As with so many great American traditions, the celebrations grew up locally and organically. In the years after the Civil War, many hearts were bitter towards their fellow countrymen. But North and South, the veterans would put on their old uniforms and parade through the towns and villages. Speeches were given, and flags were raised.
Henry Sandham, in 1896, captured this American moment well in his painting The March of Time. The young boys who had gallantly marched off to join the Grand Army of the Republic 35 years before are now old, gray gentlemen. Their uniforms bulge at the waist, and the cloth that was once a bold Army blue is faded with age. Their eyes are proud. But there is a sadness there.

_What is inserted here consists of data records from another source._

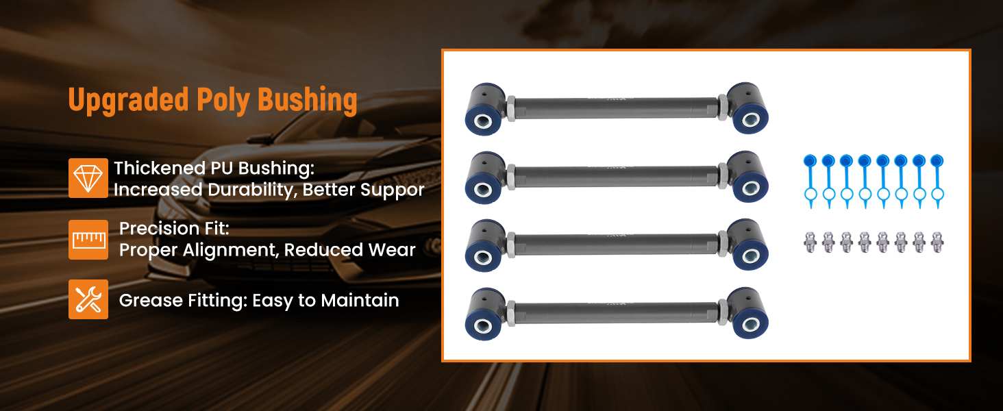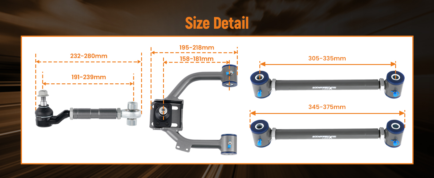 4.Our control arms are meticulously engineered to deliver top-notch alignment, customizable ride height, and exceptional handling for your vehicle.
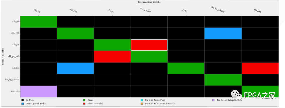 键入该命令后,会生成时钟交互矩阵。对角线是每个时钟内部路径,其他非黑色部分即为存在对应两个时钟的跨时钟域路径。红色部分是非安全路径,若不处理会产生亚稳态。
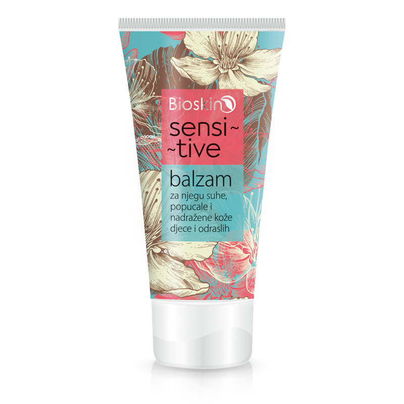 Bioskin Sensitive balzam je prirodni proizvod namijenjen njezi suhe, osjetljive i nadražene kože sklone upalama i alergijama. Sadrži kombinaciju hladno prešanih biljnih ulja, uključujući ulje trputaste lisičine, tamanu ulje, ulje sjemenki noćurka, shea maslac i pročišćeni klinoptilolit (zeolit). Ova kombinacija sastojaka djeluje umirujuće, regenerira oštećenu hidrolipidnu barijeru kože i pruža intenzivnu hidrataciju. Proizvod je pogodan za upotrebu kod odraslih i djece, uključujući novorođenčad. Pakiran je u praktično pakiranje od 150 ml, što ga čini ekonomičnim za dugotrajnu upotrebu.
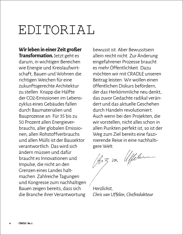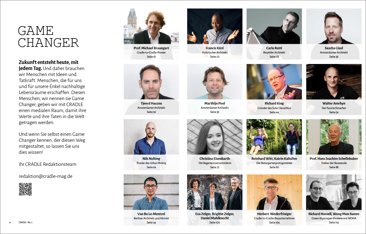 Es ist der Mensch, der mit seinen Ideen und Projekten unsere Welt gestaltet. Nur er entscheidet, ob unser Planet eine Chance bekommt, seine Ausbeutung zu überwinden. Jeder Tag kann dabei ein Schritt in die richtige Richtung sein. Denn unsere Zukunft entsteht heute, durch Vorbilder mit Ideen und Tatkraft, die für uns und unsere Kinder gesunde Lebensräume gestalten. Diesen Menschen mit ihren Projekten gibt CRADLE Print einen medialen Raum, damit ihre Werte und Taten in die Welt getragen werden. Folgen Sie uns in diese Welt, in eine Welt voller Ideen und faszinierender Lebensräume.
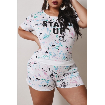 Lovely Leisure Print White Plus Size Two-piece Shorts Set
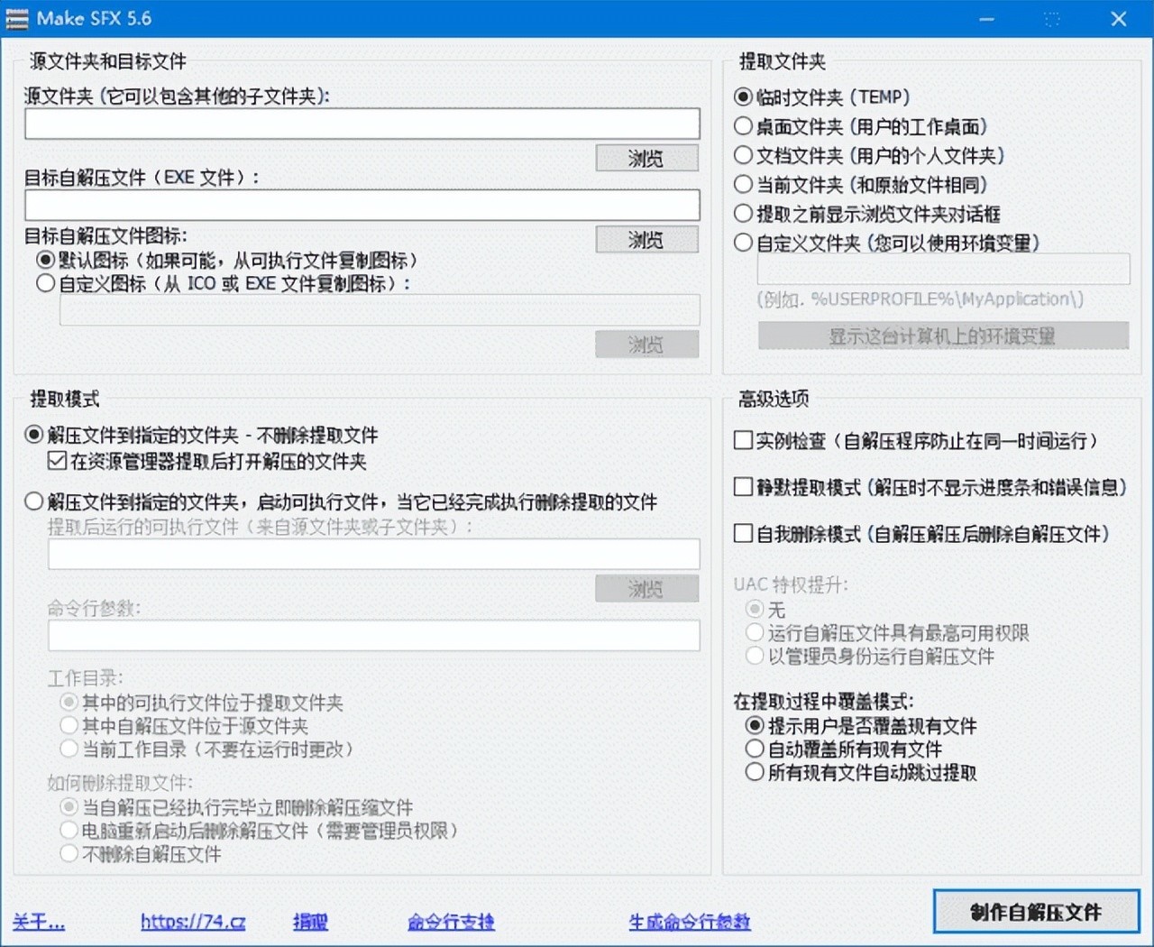 Make SFX 5.6 绿色汉化中文版是一个免费程序,可以让用户在Windows(86和64)平台的自解压文件。 Make SFX 是一个用于创建安装程序免费有用。当然了,这个软件唯一感觉不好的就是没有什么压缩率,如果能支持就更好了。
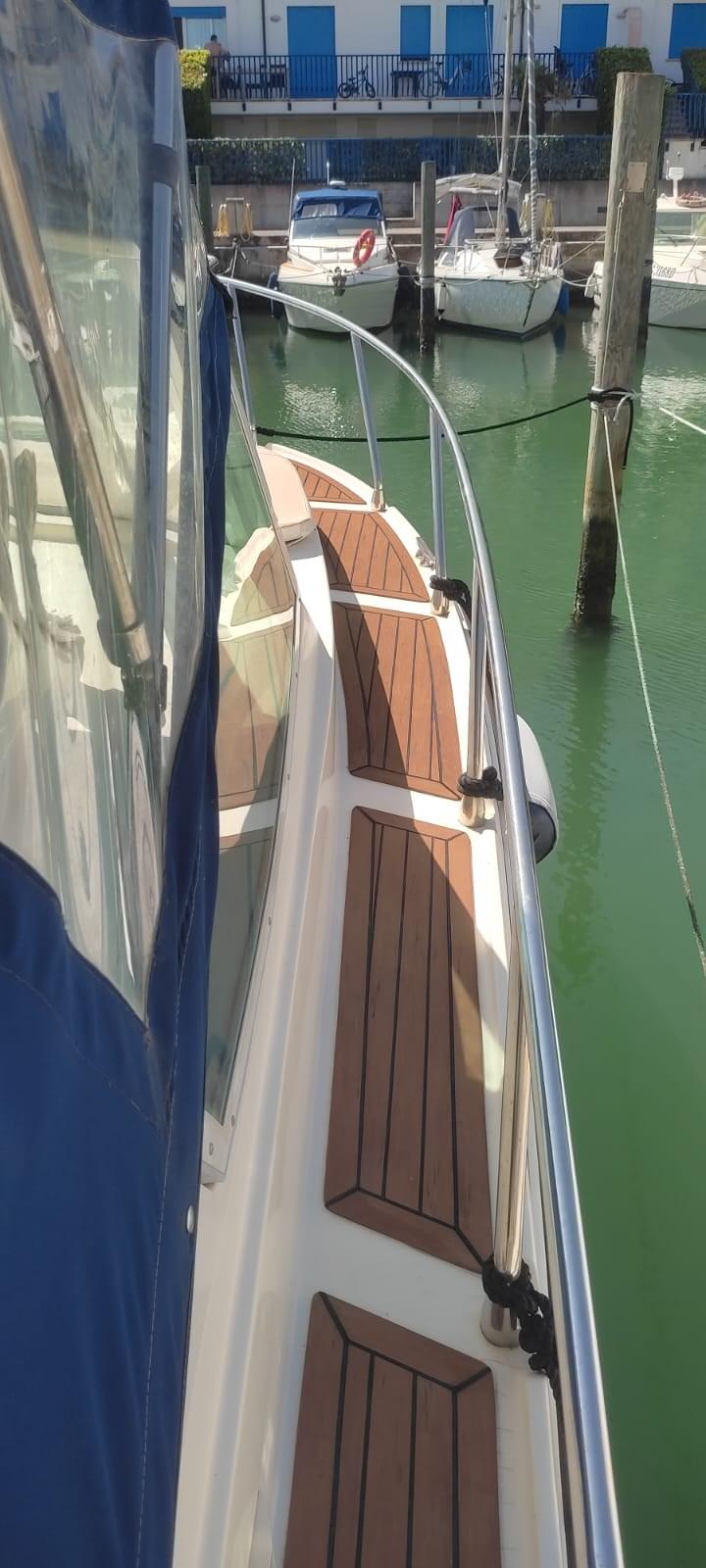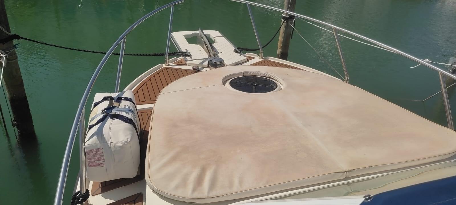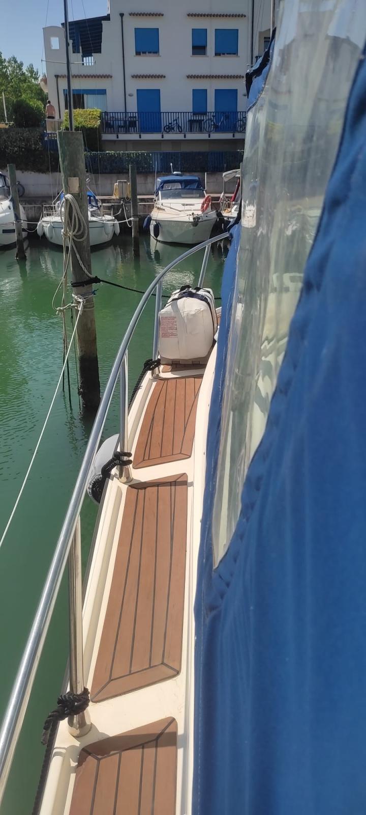 Alarme gaz, Eau sous pression, 3 Batteries (nuove 2022), Passavant en teck (sintetico), Flaps électriques, Extincteur(s) fixe(s), Indicateurs de flaps, Lavabo dans le cockpit, Éclairage de courtoisie, Plateforme arrière, Pompe de cale automatique, Porte latérale, Cockpit en teck (sintetico), Prise de quai, Guindeau électrique.
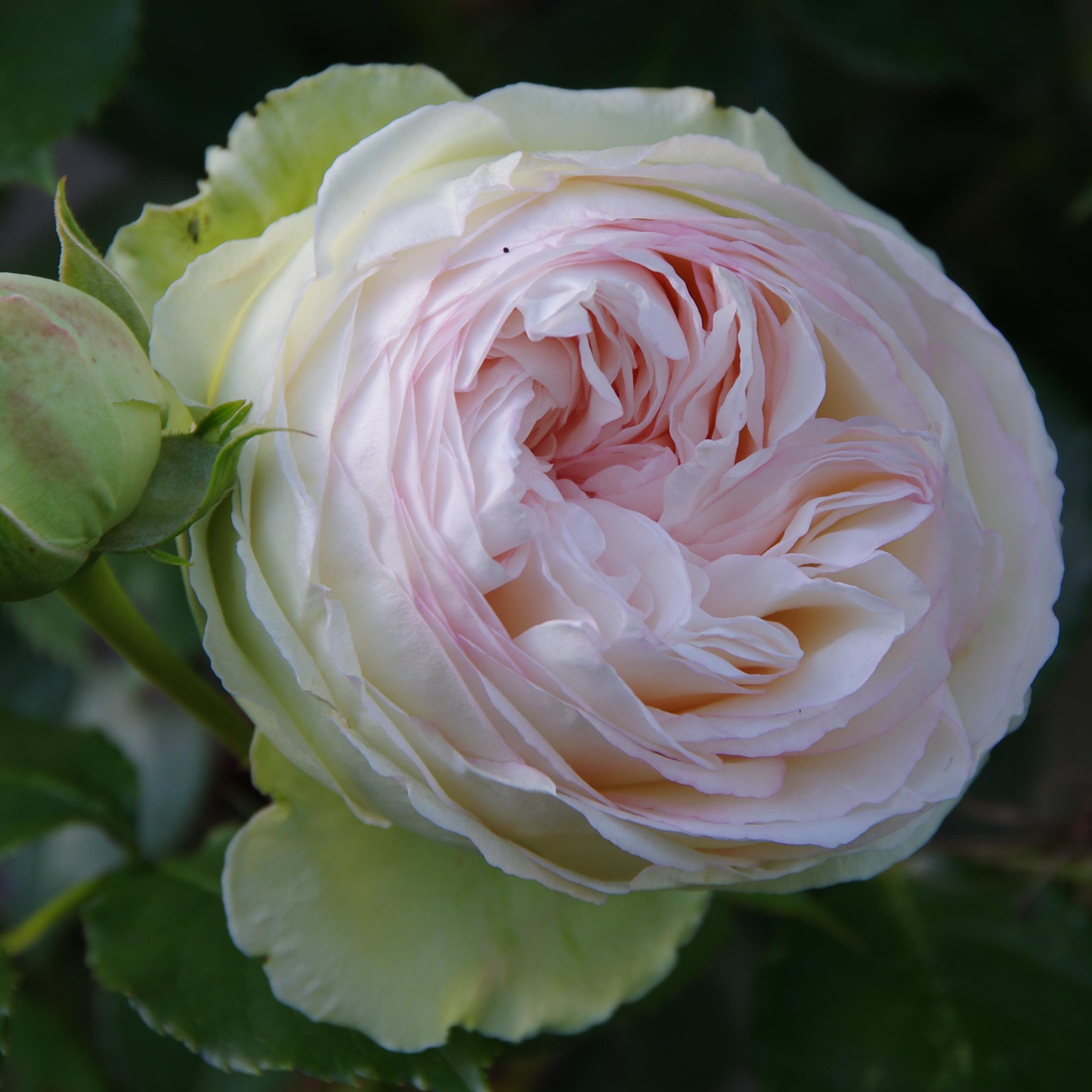 Rosa 'Palais Royal', also known as 'Meiviowit', is a Meilland creation from 2005. It is a natural mutation of the famous and acclaimed 'Pierre de Ronsard' rose. Similar in behaviour to the latter, it differs in the colour of its old-fashioned roses: they are a milky white, enhanced by ochre and pink reflections on their edges, clearly visible during cool and humid periods. This climbing rose produces 4 to 5 waves of flowers between May-June and October-November.
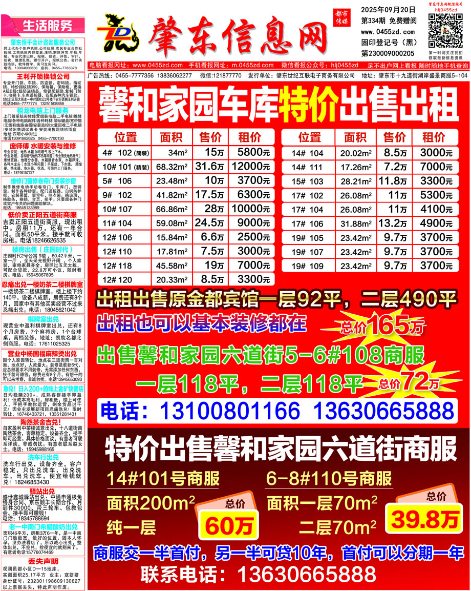 肇東信息網DM報紙2025年9月20日第334期
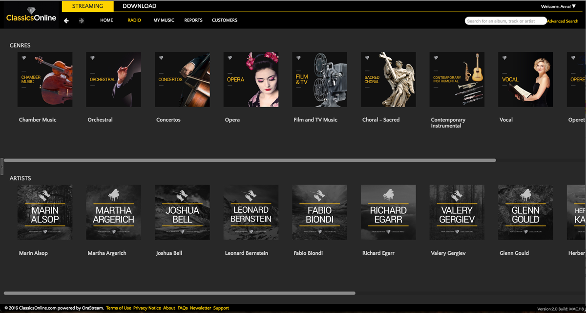 ClassicsOnline is a classical music streaming and download service with web, desktop and mobile apps. This premium service offers high-resolution downloads and high-resolution streaming with adaptive bitrate player.
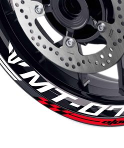 Calcomanías de rayas para llantas de 17 pulgadas MC MOTOPARTS. Decora tu MT07 2018-2020 con estas calcomanías de rayas vibrantes y llamativas. El juego incluye 16 piezas de rayas GP y 4 piezas de calcomanías para llantas delanteras y traseras, además de 13 piezas de calcomanías del modelo de la bicicleta. Estas calcomanías están hechas de material de alta calidad que es seguro para el lavado de autos y resistente a los elementos. Son removibles y no dejan marcas, lo que las hace ideales para personalizar tu bicicleta sin comprometer su apariencia. ¡Haz bricolaje con tu bicicleta y dale un nuevo aspecto con estas calcomanías de rayas rojas estilo AA01!
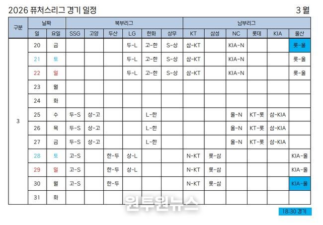 (원투원뉴스) 2026 KBO 퓨처스리그가 3월 20일(금) 개막한다.
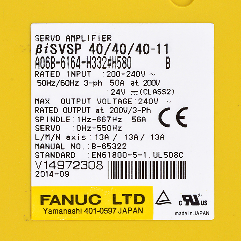 Fanuc დისკები A06B - 6164 - H332#H580 Fanuc BISVSP 40/40/40 - 11
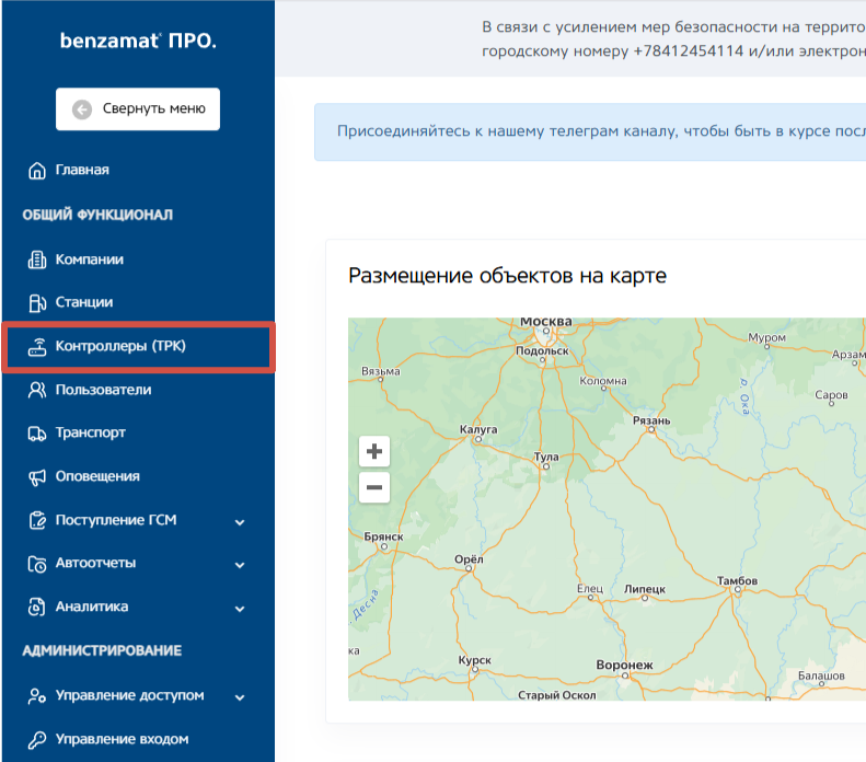 Топливо. При нажатии на кнопку откроется список всех видов топлива. Выберите вид топлива, который будет привязан к контроллеру.
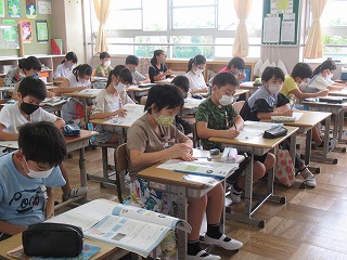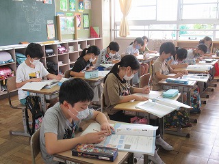 4年1組では、理科の時間、ノートに学習のまとめをしているところでした。みんな真剣に取り組んでいました。
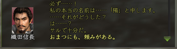 間者が「本当の名前を伝える」という熱い想いを分かってもらえずに、信長にスルーされる現実。
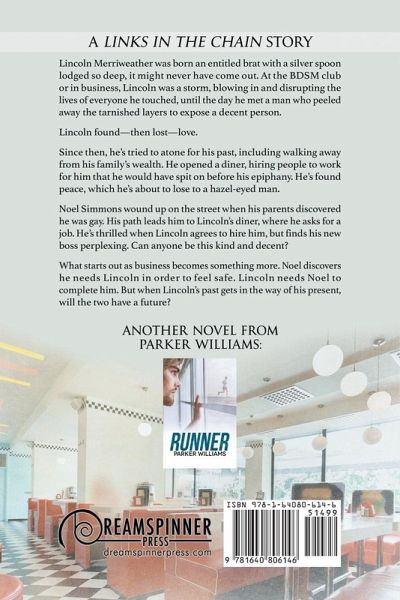 A Links In the Chain Story Lincoln Merriweather was born an entitled brat with a silver spoon lodged so deep, it might never have come out. At the BDSM club or in business, Lincoln was a storm, blowing in and disrupting the lives of everyone he touched, until the day he met a man who peeled away the tarnished layers to expose a decent person. Lincoln found-then lost-love. Since then, he's tried to atone for his past, including walking away from his family's wealth. He opened a diner, hiring people to work for him that he would have spit on before his epiphany. He's found peace, which he's about to lose to a hazel-eyed man. Noel Simmons wound up on the street when his parents discovered he was gay. His path leads him to Lincoln's diner, where he asks for a job. He's thrilled when Lincoln agrees to hire him, but finds his new boss perplexing. Can anyone be this kind and decent? What starts out as business becomes something more. Noel discovers he needs Lincoln in order to feel safe. Lincoln needs Noel to complete him. But when Lincoln's past gets in the way of his present, will the two have a future?

In her short history, the Great American Republic has seen many years of war. Americans have fought and died on every continent and every ocean. American boys are buried at Gettysburg in Pennsylvania and at Shilo on the banks of the Tennessee. Americans, in their thousands, died in the skies over Berlin and Tokyo and Hanoi, in the frosts of Korea and the dusty ditches of Helmand Province. Many have no grave to call their own, entombed beneath the seas in the arms of their shipmates. On a cliff overlooking the sea, 9,388 Americans are buried in a green cemetery in Normandy where, 80 years ago this June, American armies landed to set Europe free.
The United States has not always gone to war wisely. We have not always won. And the price paid in blood and in treasure has, at times, come in too steep. Our country debates these things and should. But what we can always have confidence in are the young Americans ready to answer the call, put on their nation’s cloth, and take up the sword in her defense.
In a year of political turmoil and distress, in a year of many disappointments and cultural upheaval, let us honor the memory of those who gave their last full measure of devotion for their native soil, and for us.
“Blessed be the Lord, my rock, who trains my hands for war, and my fingers for battle,” wrote the Psalmist.
He is my steadfast love and my fortress,
my stronghold and my deliverer,
my shield and he in whom I take refuge,
who subdues peoples under me.
O Lord, what is man that you regard him,
or the son of man that you think of him?
Man is like a breath;
his days are like a passing shadow.
War is a horror, though it is sometimes necessary. May a just and righteous God bless this nation as we remember the young Americans who died so we could remain free. May he bring us, as Lincoln hoped, to “a just and lasting peace among ourselves and with all nations.” And may we remember this Memorial Day the memory of the fallen as they would have us do so: in peace and not in shadow.